Authorea

[section] [theorem] [theorem]Lemma [subsection]

Random Forests: Formulation

Let \(K\) be the number of trees in the ensemble and let \(\Theta_k\) encode the parameters for the \(k\)-th tree. As we have mentioned before, there are various variants to the model and these variants will define the type encoding of the \(\Theta_k\) parameters. In this part, we will not specify the type of forest used since the following proofs apply to all.

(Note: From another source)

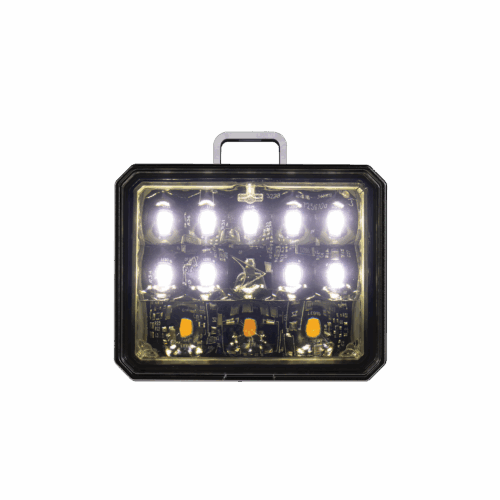 The Model 795 is a dual-function work light: the top half is a white LED work light producing 1980 lumens, ideal for agriculture, construction, mining, and off-road environments to stay productive at any hour, in any weather. The lower half of the work light is an amber direction indicator (DI). The DI meets ECE Regulation 148 – 1, and when activated, overrides the work light. The lower half can be in a hazard/flash mode when on the roadway or can remain constantly on.
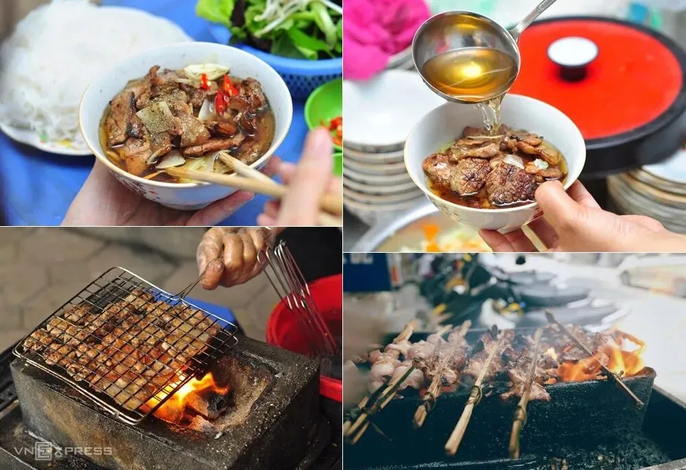 烤肉米线,通常是午餐吃的食物。与越南中部和南部的烤猪肉米线相似,但河内人的烤肉腌料更加讲究。喜欢古早味道的人可以去行马和行铜街的烤肉米线店。喜欢竹签烤肉米线的,那就找簸箕市场、同春市场。或者去玉庆、讲武、黎文兴、行棉街的米线店,也都是河内有名气的店铺。

We denote \(h(\textbf{x},\Theta_k)\) to be the corresponding classifier and \(N\) the number of samples in the training set. The creation of a random forest involves an iterative procedure where at the \(k\)-th step, the parameter \(\Theta_k\) is fit from the same distribution but independently of the previous parameters \(\Theta_1, \ ..., \ \Theta_{k-1}\).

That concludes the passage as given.